Let’s back it up a bit and look at how the creation tends to progress. This is a good spot to introduce Ra’s concept of the “densities”. Like light itself, the creation, the One Life, manifests through a range of vibratory patterns. Each vibratory range produces corresponding levels of consciousness and particular evolutionary dynamics. This “octave” we currently find ourselves within is composed of seven densities (with the seventh leading into the next octave, and so on, probably ad infinitum):
First Density: The elements: Fire, Water, Air, Earth. In the early stages of our planet’s becoming, when it was spiraling through first density, it was a cauldron of elemental activity which eventually gave birth to…
Second Density: Growing things. Single celled organisms on up to plants and animals. Characterized by growth, the reaching upward to the light.
And then there’s the Third Density: Self-aware beings. (Oh crap!) Something else happens here: a veiling. For the first time, the innate knowing of deep connection with all that is is lost, forgotten. The polarity of self and other is accentuated. A sense of individuality and separateness works in dynamic tension with the need to function as a group. The experience is intense.
This is where we come in. According to Ra (who is a sixth density social memory complex, if you were curious), we are nearing the end of the third density cycle on this planet. The planet itself cycles through the densities with clockwork precision, and it’s transitioning out of a 75,000 year long third-density vibration into Fourth Density.
More about Fourth Density to come, but before we go there, let’s add that the whole point of the third-density experience is to produce beings with a strong polarity toward one of two orientations: service to self, or service to other. The Third Density cycle culminates in a “harvest”. Beings who have polarized sufficiently, in one direction or another, can move on into the Fourth Density experience. The rest, who fall into what Ra calls the “sinkhole of indifference” (apparently most of the homo sapiens on the planet) will repeat the Third Density cycle. I don’t think that’s a problem from Ra’s point of view, but for those of us who have been slogging away through the Third Density for awhile, it could be construed as one.
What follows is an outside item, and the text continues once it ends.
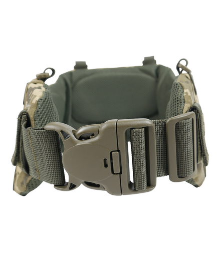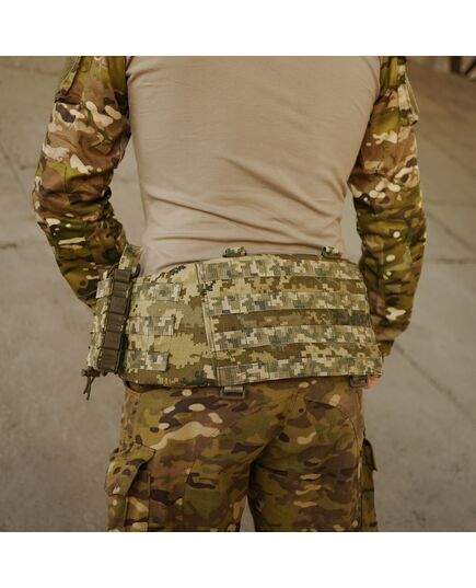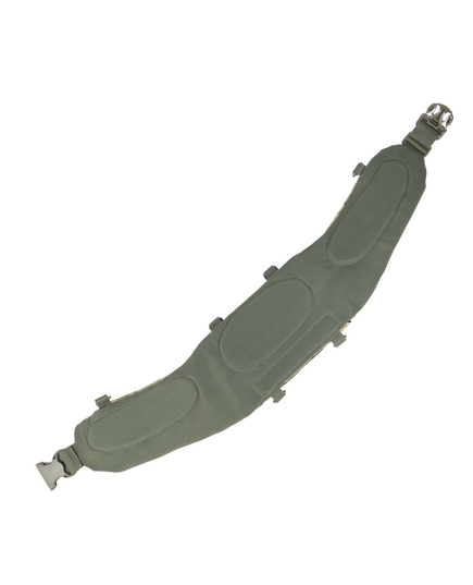 Пояс имеет анатомический крой и выглядит треугольником, имеет подсредний угол, который предотвращает спадание. На верхней части пояса имеются четыре точки крепления, что дает возможность использовать его с любой подвесной системой и сделать из пояса полноценный РПС. На нижней части два крепления для тактической сидушки или каремата.
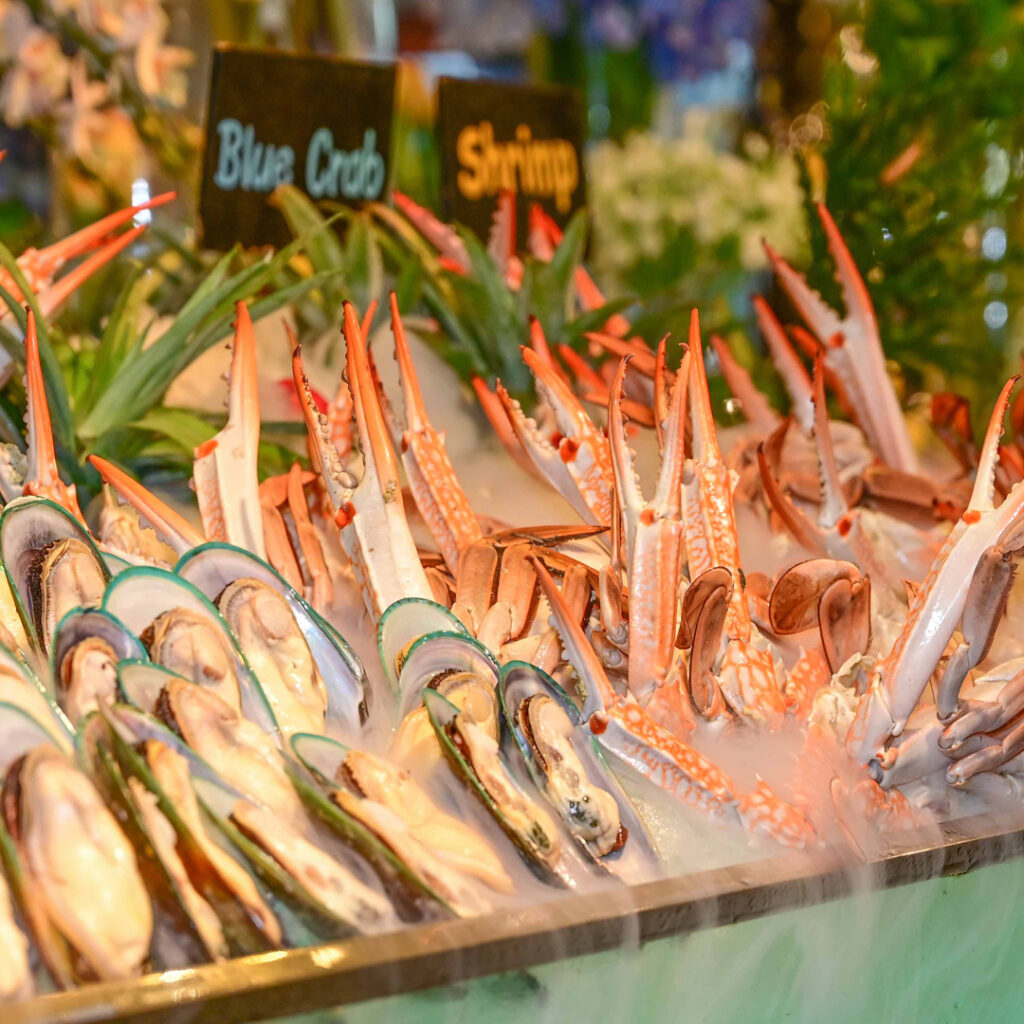 บริการรวมในบุฟเฟต์นานาชาติมื้อเย็นที่มีซีฟู้ดและซูชิพรีเมียม อาทิ หอยนางรม ปูม้า หอยหวาน กุ้งแม่น้ำ หอยแมลงภู่นิวซีแลนด์ ฯลฯ พร้อมน้ำจิ้มสูตรเด็ด รสแซบ ซูชิฟัวกราส์ วากิว แซลมอน ทานได้ไม่อั้น มุมข้าวต้มกุ๊ยที่มีเครื่องเคียงกับข้าวมากมายให้เลือกอิ่มอร่อย มุม Carving Station 7 วัน 7 เมนู นอกจากนี้ยังมีขาหมูสูตรดิเอมเมอรัลด์ ข้าวต้มปลากะพง ส้มตำและยำต่างๆ ซุปทรัฟเฟิล พาสต้า เทปปันยากิ กุ้งแม่น้ำเผา เทมปุระ รวมเครื่องดื่มน้ำอัดลม ชา-กาแฟ ของหวานทั้งไทย เบเกอรี่โดยฝีมือเชฟเต้-จักรพรรดิ์ พจน์ชัยกุล ผู้ชนะเชฟกระทะเหล็กสายหวาน ตามด้วยไอศกรีม และผลไม้ตามฤดูกาล ระหว่างเวลา 18.00 – 22.00 น.ทุกวัน รับประกันความคุ้มค่าราคาท่านละ 1,700++ บาท (2,001 บาทสุทธิ)

So the problem then, from the relative point of view (perhaps we could rephrase it as a “challenge”) is to utilize the dynamic tension of this density with all its struggles between light and dark, positive and negative, male and female, etc., to polarize sufficiently to “graduate” to the next stage of development.
What constitutes sufficient polarization? To polarize sufficiently toward the positive, one needs to be concerned with others’ welfare 51% of the time (with a modus operandi of merging and serving). To polarize sufficiently toward the negative, one needs to be dedicated to the self’s welfare 95% of the time (with a modus operandi of separation and control).
Why is the negative path so much more difficult a path to attain harvestability upon than the positive? Don Elkins asked Ra the same question:
This is due to a distortion of the Law of One which indicates that the gateway to intelligent infinity be a gateway at the end of a strait and narrow path as you may call it. To attain fifty-one percent dedication to the welfare of other-selves is as difficult as attaining a grade of five percent dedication to other-selves. The, shall we say, sinkhole of indifference is between those two.
In summary then, there’s no problem if you’re alright where you’re at. On the other hand, if you’re feeling somewhat dissatisfied, whether with the state of the world or with your own experience, then you’ve probably got some inner compulsion to move, to reach out, to seek for something more. Ra might call it “seeking the Creator”.